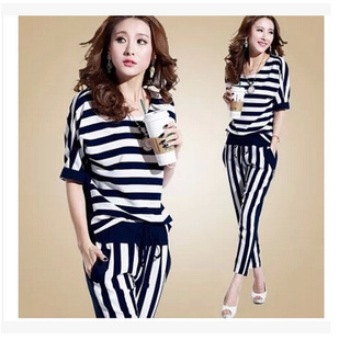2015夏裝新款女裝OL氣質(zhì)修身顯瘦時(shí)尚條紋雪紡兩件套大碼休閑套裝 /
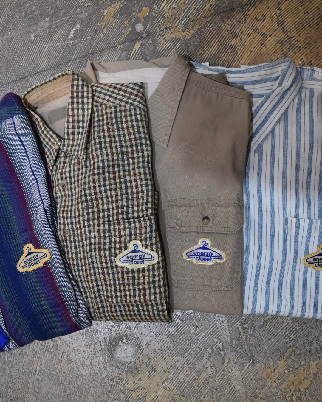 energy closetがお預かりした古着をアップサイクルした一点もののシャツです。
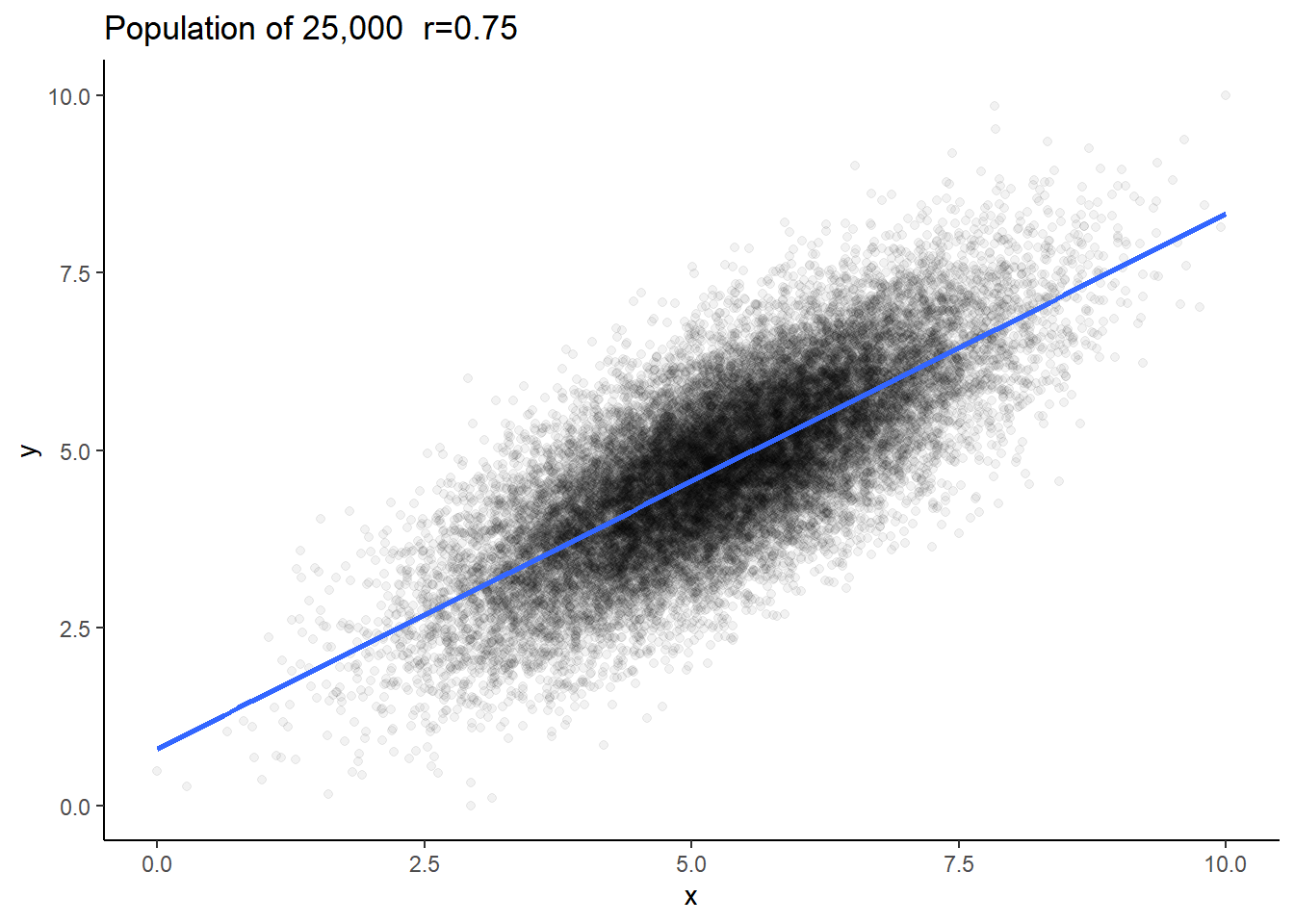 The below image shows scatterplots, each with a sample size of 30. The trendline is to help demonstrate how correlations of different magnitudes look in terms of their association.
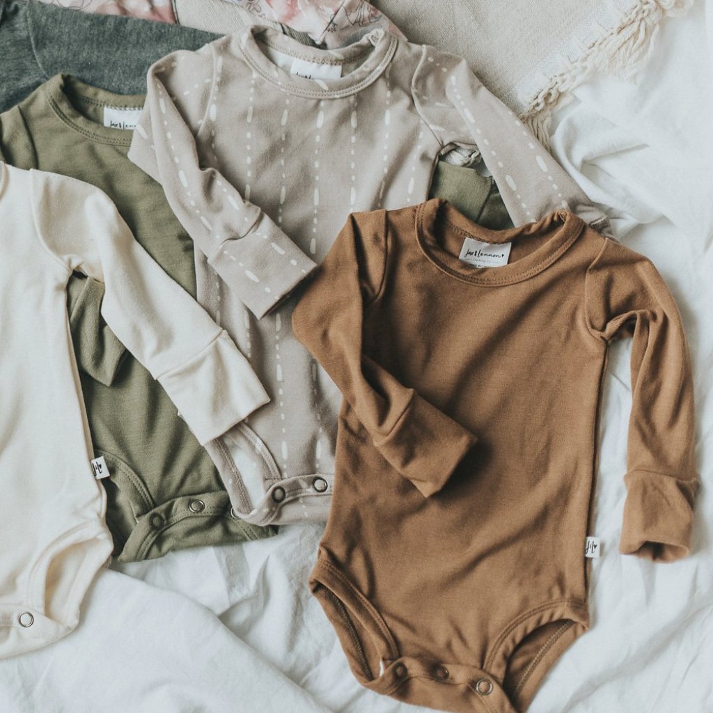 This baby onesie is made from the softest bamboo jersey fabric, with stretch for super comfort + the perfect fit. It has breathable long sleeves + reinforced snaps at the crotch. Color options available.
----
• _INSTRUCTIONS FOR THE TASK_: Return the data exactly as it stands, minus the pictures.

• _ANSWER SPACE_:
2015夏裝新款女裝OL氣質(zhì)修身顯瘦時(shí)尚條紋雪紡兩件套大碼休閑套裝 /
 energy closetがお預かりした古着をアップサイクルした一点もののシャツです。
 The below image shows scatterplots, each with a sample size of 30. The trendline is to help demonstrate how correlations of different magnitudes look in terms of their association.
 This baby onesie is made from the softest bamboo jersey fabric, with stretch for super comfort + the perfect fit. It has breathable long sleeves + reinforced snaps at the crotch. Color options available.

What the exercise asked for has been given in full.